Unfortunately this didn't work. Even replacing EXPECT with EXPECT_WITHIN
fails spuriously.

@Nigel - I'd like to see how often this test fails and based on that take a
call to temporarily remove this check. Could you share the last two weekly
report of the regression failure to help me in figuring it out?


>
> On Tuesday 18 October 2016, Vijay Bellur <vbellur at redhat.com> wrote:
>
>> On Tue, Oct 18, 2016 at 12:28 PM, Atin Mukherjee <amukherj at redhat.com>
>> wrote:
>> > Final reminder before I take out the test case from the test file.
>> >
>> >
>> > On Thursday 13 October 2016, Atin Mukherjee <amukherj at redhat.com>
>> wrote:
>> >>
>> >>
>> >>
>> >> On Wednesday 12 October 2016, Atin Mukherjee <amukherj at redhat.com>
>> wrote:
>> >>>
>> >>> So the test fails (intermittently) in check_fs which tries to do a df
>> on
>> >>> the mount point for a volume which is carved out of three bricks from
>> 3
>> >>> nodes and one node is completely down. A quick look at the mount log
>> reveals
>> >>> the following:
>> >>>
>> >>> [2016-10-10 13:58:59.279446]:++++++++++
>> >>> G_LOG:./tests/bugs/glusterd/bug-913555.t: TEST: 48 0 check_fs
>> >>> /mnt/glusterfs/0 ++++++++++
>> >>> [2016-10-10 13:58:59.287973] W [MSGID: 114031]

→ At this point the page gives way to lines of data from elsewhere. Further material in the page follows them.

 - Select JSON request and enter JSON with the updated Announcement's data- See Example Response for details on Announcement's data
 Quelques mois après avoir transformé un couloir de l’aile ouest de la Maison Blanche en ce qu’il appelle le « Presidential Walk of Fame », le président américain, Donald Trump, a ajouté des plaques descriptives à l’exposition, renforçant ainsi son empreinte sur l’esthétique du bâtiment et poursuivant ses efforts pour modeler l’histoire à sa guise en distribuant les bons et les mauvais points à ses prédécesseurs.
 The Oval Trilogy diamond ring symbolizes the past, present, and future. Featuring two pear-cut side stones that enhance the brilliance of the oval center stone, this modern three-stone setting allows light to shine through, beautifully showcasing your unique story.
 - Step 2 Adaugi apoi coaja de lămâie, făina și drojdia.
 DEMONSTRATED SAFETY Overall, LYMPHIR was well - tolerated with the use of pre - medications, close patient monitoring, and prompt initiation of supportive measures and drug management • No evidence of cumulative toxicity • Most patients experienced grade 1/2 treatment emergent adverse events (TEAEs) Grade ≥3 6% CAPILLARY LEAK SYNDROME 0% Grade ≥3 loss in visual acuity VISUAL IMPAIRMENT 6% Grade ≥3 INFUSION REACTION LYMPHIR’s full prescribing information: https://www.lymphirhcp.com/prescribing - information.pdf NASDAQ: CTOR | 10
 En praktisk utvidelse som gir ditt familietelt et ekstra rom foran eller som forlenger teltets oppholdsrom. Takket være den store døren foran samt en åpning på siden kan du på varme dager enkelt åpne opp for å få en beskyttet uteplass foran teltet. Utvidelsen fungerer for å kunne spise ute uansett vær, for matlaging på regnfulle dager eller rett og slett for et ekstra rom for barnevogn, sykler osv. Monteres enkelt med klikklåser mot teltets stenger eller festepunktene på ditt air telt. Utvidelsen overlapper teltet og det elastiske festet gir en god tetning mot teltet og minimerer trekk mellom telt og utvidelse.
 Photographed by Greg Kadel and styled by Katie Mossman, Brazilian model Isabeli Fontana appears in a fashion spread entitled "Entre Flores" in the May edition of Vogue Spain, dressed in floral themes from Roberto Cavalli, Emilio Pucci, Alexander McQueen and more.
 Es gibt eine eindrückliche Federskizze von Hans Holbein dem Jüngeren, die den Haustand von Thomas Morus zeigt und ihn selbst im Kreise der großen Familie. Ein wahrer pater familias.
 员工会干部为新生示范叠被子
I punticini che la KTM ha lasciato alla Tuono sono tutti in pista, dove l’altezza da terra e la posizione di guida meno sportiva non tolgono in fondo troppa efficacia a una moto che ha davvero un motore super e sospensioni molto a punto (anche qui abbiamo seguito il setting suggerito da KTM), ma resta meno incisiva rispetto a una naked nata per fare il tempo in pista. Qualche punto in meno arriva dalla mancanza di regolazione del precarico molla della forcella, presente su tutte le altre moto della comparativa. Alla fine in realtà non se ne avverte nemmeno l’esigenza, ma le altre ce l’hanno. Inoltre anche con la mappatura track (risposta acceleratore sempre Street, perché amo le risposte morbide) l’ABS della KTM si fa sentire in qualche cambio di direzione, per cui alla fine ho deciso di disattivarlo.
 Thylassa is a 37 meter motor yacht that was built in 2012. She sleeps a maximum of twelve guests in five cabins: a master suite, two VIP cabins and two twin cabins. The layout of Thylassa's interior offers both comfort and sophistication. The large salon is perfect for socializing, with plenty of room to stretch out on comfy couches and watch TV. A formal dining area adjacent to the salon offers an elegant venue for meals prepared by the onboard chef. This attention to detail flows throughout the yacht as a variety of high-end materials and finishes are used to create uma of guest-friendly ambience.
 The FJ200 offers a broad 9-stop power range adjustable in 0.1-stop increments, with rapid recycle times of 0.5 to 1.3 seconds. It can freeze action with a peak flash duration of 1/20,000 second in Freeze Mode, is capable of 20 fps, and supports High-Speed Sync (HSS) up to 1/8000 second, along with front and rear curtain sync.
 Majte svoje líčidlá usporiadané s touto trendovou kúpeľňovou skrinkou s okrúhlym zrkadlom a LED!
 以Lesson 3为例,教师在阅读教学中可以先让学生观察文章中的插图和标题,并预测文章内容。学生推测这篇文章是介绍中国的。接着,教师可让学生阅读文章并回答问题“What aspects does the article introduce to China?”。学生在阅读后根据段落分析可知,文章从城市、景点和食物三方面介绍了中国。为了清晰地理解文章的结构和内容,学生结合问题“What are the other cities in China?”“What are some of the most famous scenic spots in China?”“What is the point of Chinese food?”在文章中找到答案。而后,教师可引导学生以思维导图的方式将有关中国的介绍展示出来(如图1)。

>> >>> [client-rpc-fops.c:2930:client3_3_lookup_cbk] 0-patchy-client-2:
>>   remote
>> >>> operation failed. Path: / (00000000-0000-0000-0000-000000000001)
>> [Transport
>> >>> endpoint is not connected]
>> >>> [2016-10-10 13:58:59.288326] I [MSGID: 109063]
>> >>> [dht-layout.c:713:dht_layout_normalize] 0-patchy-dht: Found
>> anomalies in /
>> >>> (gfid = 00000000-0000-0000-0000-000000000001). Holes=1 overlaps=0
>> >>> [2016-10-10 13:58:59.288352] W [MSGID: 109005]
>> >>> [dht-selfheal.c:2102:dht_selfheal_directory] 0-patchy-dht: Directory
>> >>> selfheal failed: 1 subvolumes down.Not fixing. path = /, gfid =
>> >>> [2016-10-10 13:58:59.288643] W [MSGID: 114031]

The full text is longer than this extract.